Escribir a cuatro manos siempre es complicado, al principio, porque tienes que intentar hacer confluir dos líneas totalmente distintos de pensamiento en una sola historia. José Antonio y yo dedicamos muchísimas horas de conversación (tanto en persona como por teléfono) a intentar ponernos de acuerdo en algunos puntos básicos de la obra. Luego el proceso de corrección es complicado también, porque no puedes llegar simplemente y cambiar algo; tienes que contar con la aprobación de su autor y todo eso enlentece el proceso. Ya hemos escrito varias cosas juntos y estamos más acostumbrados, creo. Ahora tardamos un poco menos, nos organizamos mejor, pero esa parte de corrección sigue siendo tortuosa (por lo menos para mí).

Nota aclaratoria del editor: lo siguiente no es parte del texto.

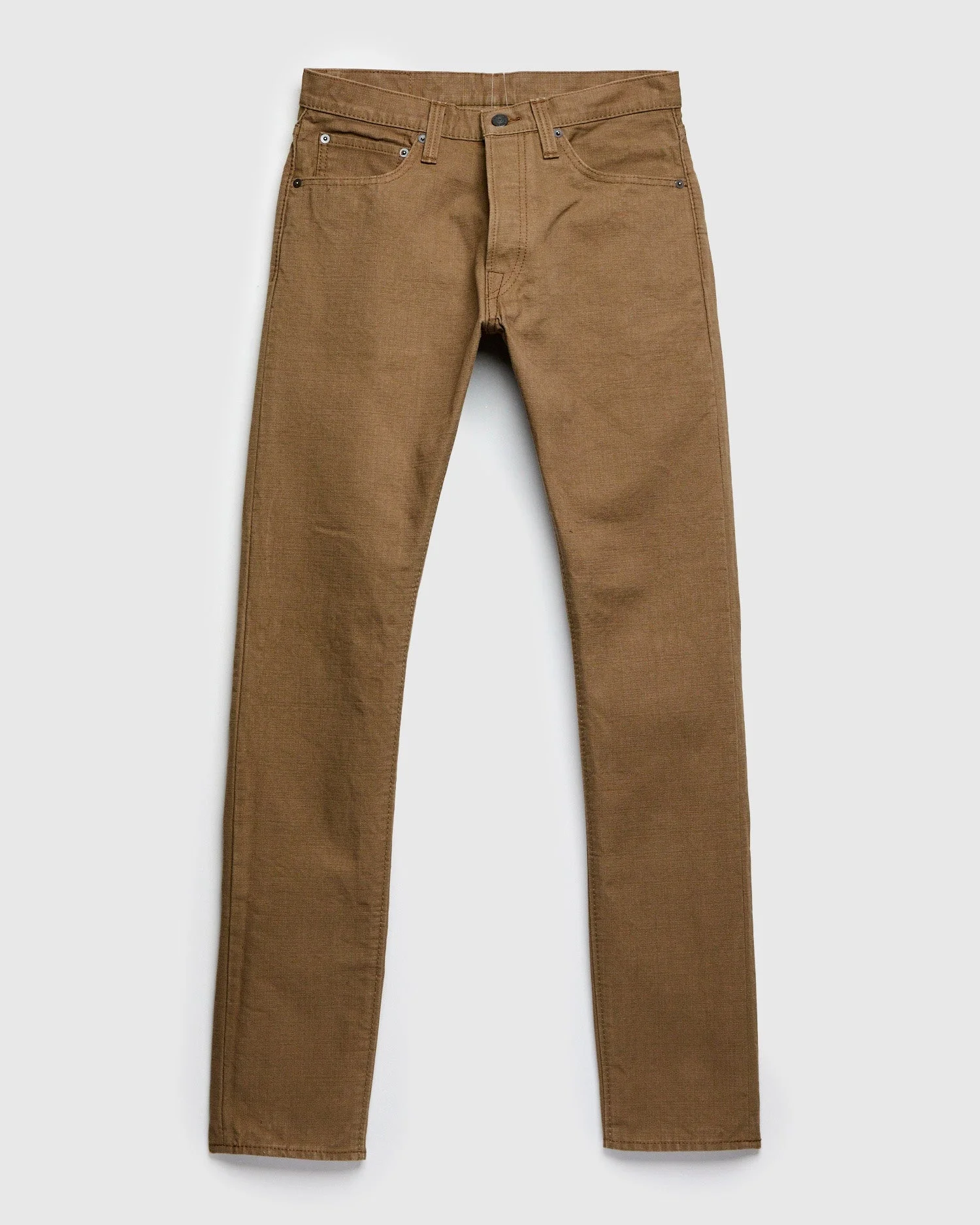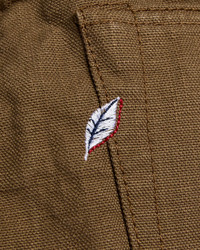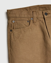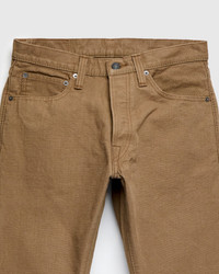 Presented in a classic 5-pocket silhouette, Pure Blue Japan's 1175 Pant features a custom woven khaki-beige 13.5oz duck canvas fabric. Pure Blue Japan's heavyweight Duck Canvas fabric features a robust heft and rough-handed texture; complete with a faux selvedge ID on the interior. As with other styles in PBJ's catalog, the 1175 fabric is woven on an old-world shuttle loom using a specialized slow weaving technique to produce the unique texture the brand is renowned for. Finished with custom nickel buttons, a deerskin leather patch, and Pure Blue Japan indigofera leaf embroidery. - Heavyweight duck canvas fabric, rinsed to remove shrinkage - Khaki beige warp and weft - The "Relaxed Tapered" fit from Pure Blue Japan is designed with additional room in the top block and thighs and a strong taper from the knee down - Signature Pure Blue Japan leaf embroidery on back right pocket - Deerskin leather patch - Faux blue selvedge ID - Custom branded nickel button fly - Hidden back pocket copper rivets - Raised belt loops - Chain stitched hems - 100% cotton - Made in Japan

Con Lectores aéreos fue muy distinto. Ahí solo tenía que responder ante mí misma. Y eso es genial (¡libertad!), pero también asusta más, sientes que tienes más posibilidades de equivocarte. Lo que me ha encantado, sobre todo, ha sido la sensación de control que te da la autoedición. Tú lo trabajas todo, pero también produce muchísima satisfacción ver qué funciona y qué no, aprender de ese trabajo. Cuando me preguntan si prefiero autoeditarme o publicar con editoriales tradicionales, siempre contesto que depende del proyecto. Algunos proyectos piden el apoyo de una editorial, por su complejidad o público objetivo; otros quieren ser más artesanos y moverse solo en mis manos, como me ha ocurrido con Lectores.

  • Y por último, ¿nos podrías adelantar alguna exclusiva de algún futuro proyecto?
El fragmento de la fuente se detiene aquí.